Anyone have any lining and button suggestions for a navy suit?
I do navy lining with Navy. I think it looks best that way. Do horn black or horn dark brown buttons.
It's personal preference. I went dark brown horn with brown lining.
Umbrellas are back in stock, with two new whangee umbrellas.
If anyone is interested in how the measurement consultation works, these were my recommendations, with accompanying explanations:
Your shoulders are square (as opposed to sloping) so we'll raise the angle of the shoulders +2 cm
You could also consider switching to the soft shoulder padding so they don't look as prominent
The shoulders also look a hair too wide, so -0.5 cm
Back chest (across the armpits) is loose, so -1.5 cm
Waist looks ok in the back. Does it feel loose?
Assuming the side photos are the natural way you hang your arms, then we'll adjust the sleeve pitch backward 1 cm
Sleeve length -2 cm
Button stance -1.5 cm lower, should be at the narrowest part of your waist
I'm thinking about getting a couple of rugby shirts. I'm a 38R. Is the recommendation still to go with an L?
I just received one of his belts in medium brown. I'd say that medium is probably a better match to the AE walnut color. BTW, it's a very nice belt. Good quality leather.
If they are the same pattern as the polos you probably want medium.
Any Styleforum discounts I can apply towards the Bauhaus watch?
Received the grenadine purple tie, couple pocket squares, and a rugby over the weekend. Had to return the rugby (fit wasn't right for me) but LOVE the tie and pocket squares.
Also, FWIW, the customer service has been great: fast shipping, immediate repsonses to my questions, etc.... Will be ordering again soon.
Just saw Kent's watch featured on the watch blog Hodinkee. It's a fairly complimentary profile and a rare one for Hodinkee (to my knowledge, this is the first watch they've talked about that is under $1,000 . . . at least in the year or so I've been reading).
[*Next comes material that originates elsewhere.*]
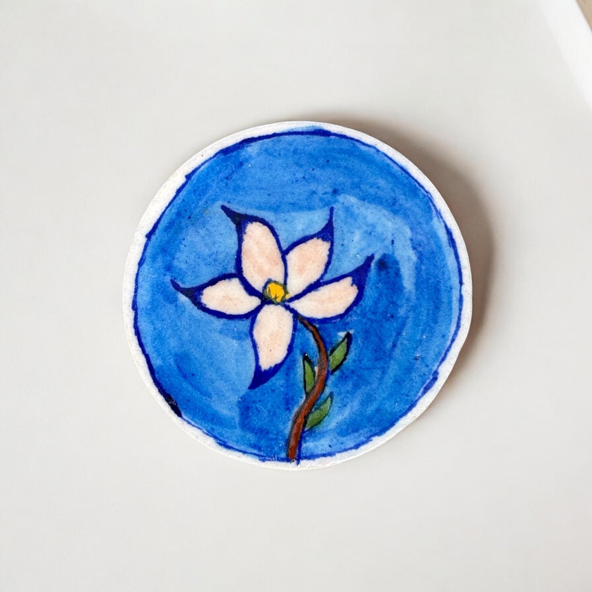Aditya Blue Art Pottery presents a handmade set of six coasters, each measuring 3x3 inches, showcasing skilled craftsmanship and traditional design.

What kind of styles of waistcoats are available Kent? Would it be possible have one made in a double-breast configuration? Or perhaps just lower buttoning point to reveal more of the chest and tie?
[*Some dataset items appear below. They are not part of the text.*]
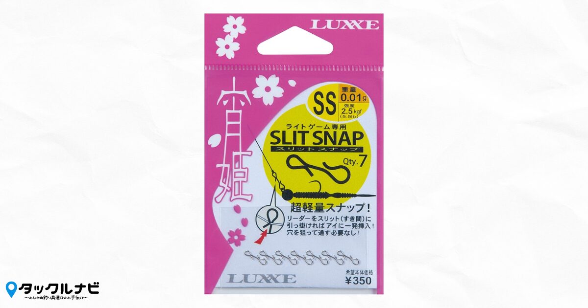 次にご紹介するのはリーダーを掛けてそのまま通せて、暗い場面でも扱いやすい「がまかつ 宵姫 スリットスナップ」です!
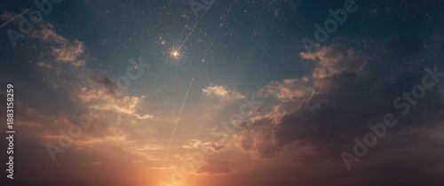 Fototapeta premium Meteor shower at sunset featuring falling meteorites and shooting stars against a cloudy sky
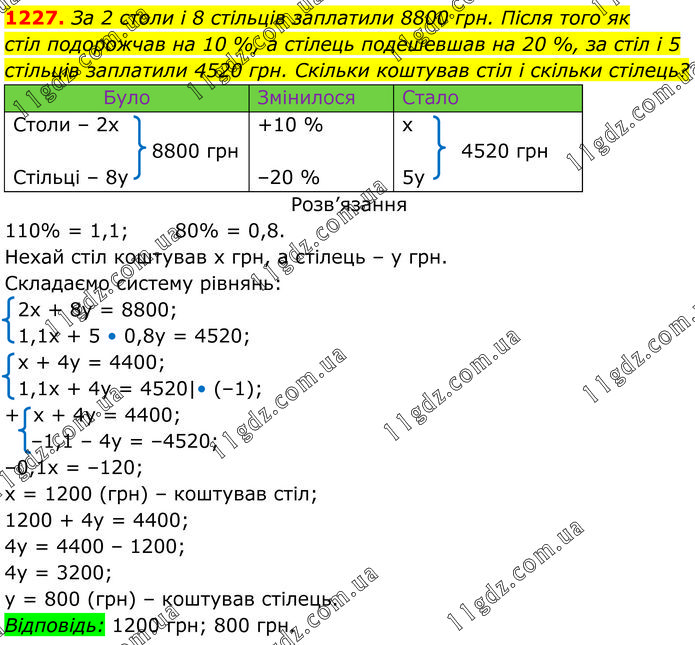 За 2 столи і 8 стільців заплатили 8800 грн. Після того як стіл подорожчав на 10 %, а стілець подешевшав на 20 %, за стіл і 5 стільців заплатили 4520 грн. Скільки коштував стіл і скільки стілець? 110% = 1,1; 80% = 0,8. Нехай стіл коштував х грн, а стілець – у грн. Складаємо систему рівнянь: 2х + 8у = 8800; 1,1х + 5 • 0,8у = 4520; х + 4у = 4400; 1,1х + 4у = 4520|• (–1); + х + 4у = 4400; –1,1 – 4у = –4520; –0,1х = –120; х = 1200 (грн) – коштував стіл; 1200 + 4у = 4400; 4у = 4400 – 1200; 4у = 3200; у = 800 (грн) – коштував стілець. Відповідь: 1200 грн; 800 грн.

Canadian customers: I have a suit with a 36 jacket and 32 trousers en route. Now would be a good time to order as you'll be able to avoid the vicissitudes of international shipping and potential customs and tax.
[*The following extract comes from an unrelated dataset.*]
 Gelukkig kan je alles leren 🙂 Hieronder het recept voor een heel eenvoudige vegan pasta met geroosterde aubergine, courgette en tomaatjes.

We don't do discounts or sales as I think it's better to have one low price at all times, without silly games.
The suit options form lists three options: 5 button; 6 button; Notch lapel, 4 button. So no double-breasted. The 5 button is lower than the 6 button.
I was really impressed with the consult above. As my posts indicate, I was somewhat unsure of the process going in. After I received the jacket and consulted with Kent, I was immediately impressed with his service. I plan to pick up a few additional items from Kent in the future. I'll report back after receiving the RTW trousers in a week or so.
Thanks for the reply, Kent. As for your jacket. Is it possible to request more open quarters than the default width?
Similar to the degree of this: http://www.styleforum.net/t/56404/lightbox/post/5913334/id/568984
Just ordered my second KW MTM suit. This one I will be wearing in my wedding! I just got engaged last Friday and my first plan of action was to order a KW suit. Next plan of action is a Hober wedding tie.
I will, of course, post pictures when the final suit arrives.